----- Information

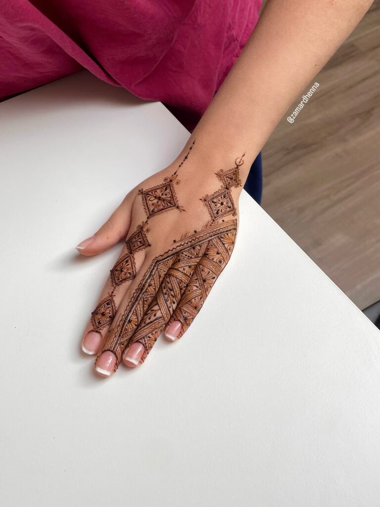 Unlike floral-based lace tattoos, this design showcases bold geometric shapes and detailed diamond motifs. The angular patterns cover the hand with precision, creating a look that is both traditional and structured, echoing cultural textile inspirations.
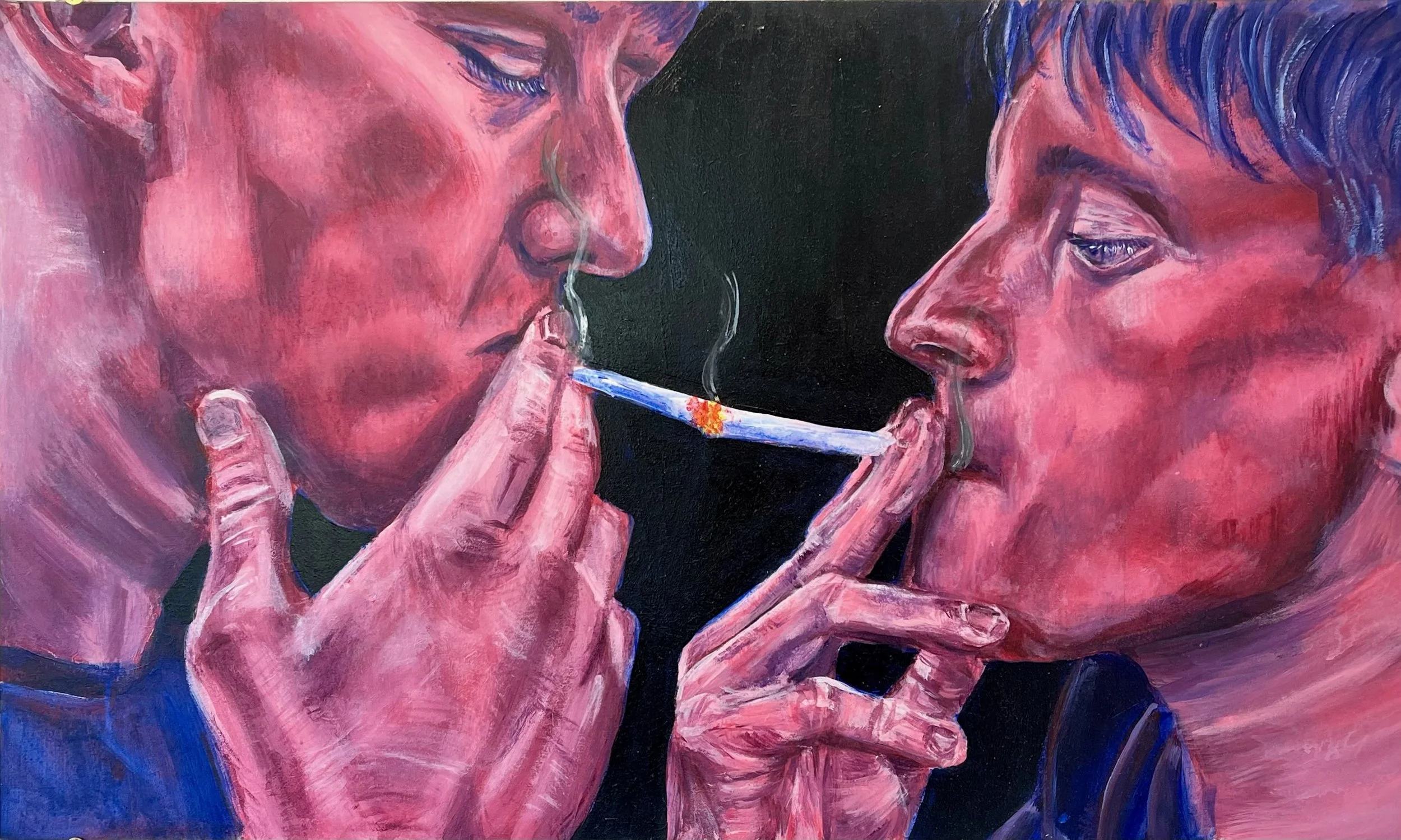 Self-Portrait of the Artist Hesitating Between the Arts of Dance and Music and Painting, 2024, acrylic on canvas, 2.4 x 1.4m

----------
----- Information

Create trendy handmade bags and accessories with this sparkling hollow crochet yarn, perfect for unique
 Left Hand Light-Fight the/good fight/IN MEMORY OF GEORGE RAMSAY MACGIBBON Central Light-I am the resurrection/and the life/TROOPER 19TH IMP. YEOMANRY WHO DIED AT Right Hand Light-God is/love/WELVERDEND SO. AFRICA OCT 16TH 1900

----------
----- Information

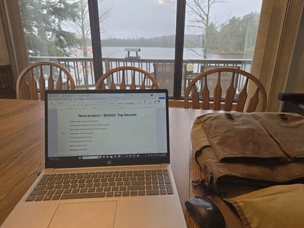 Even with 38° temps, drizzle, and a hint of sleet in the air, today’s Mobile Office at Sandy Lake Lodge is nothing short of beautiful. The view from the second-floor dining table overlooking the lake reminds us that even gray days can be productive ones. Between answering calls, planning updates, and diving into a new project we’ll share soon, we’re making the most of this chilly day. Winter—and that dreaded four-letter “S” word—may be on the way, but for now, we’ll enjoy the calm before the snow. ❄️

----------

Instructions to follow: Now transcribe the lines above exactly, starting at the line containing "Unlike floral-based lace" and ending at the line containing "Self-Portrait of the", both lines included, pictures excluded.

Problem solution:
 Unlike floral-based lace tattoos, this design showcases bold geometric shapes and detailed diamond motifs. The angular patterns cover the hand with precision, creating a look that is both traditional and structured, echoing cultural textile inspirations.
 Self-Portrait of the Artist Hesitating Between the Arts of Dance and Music and Painting, 2024, acrylic on canvas, 2.4 x 1.4m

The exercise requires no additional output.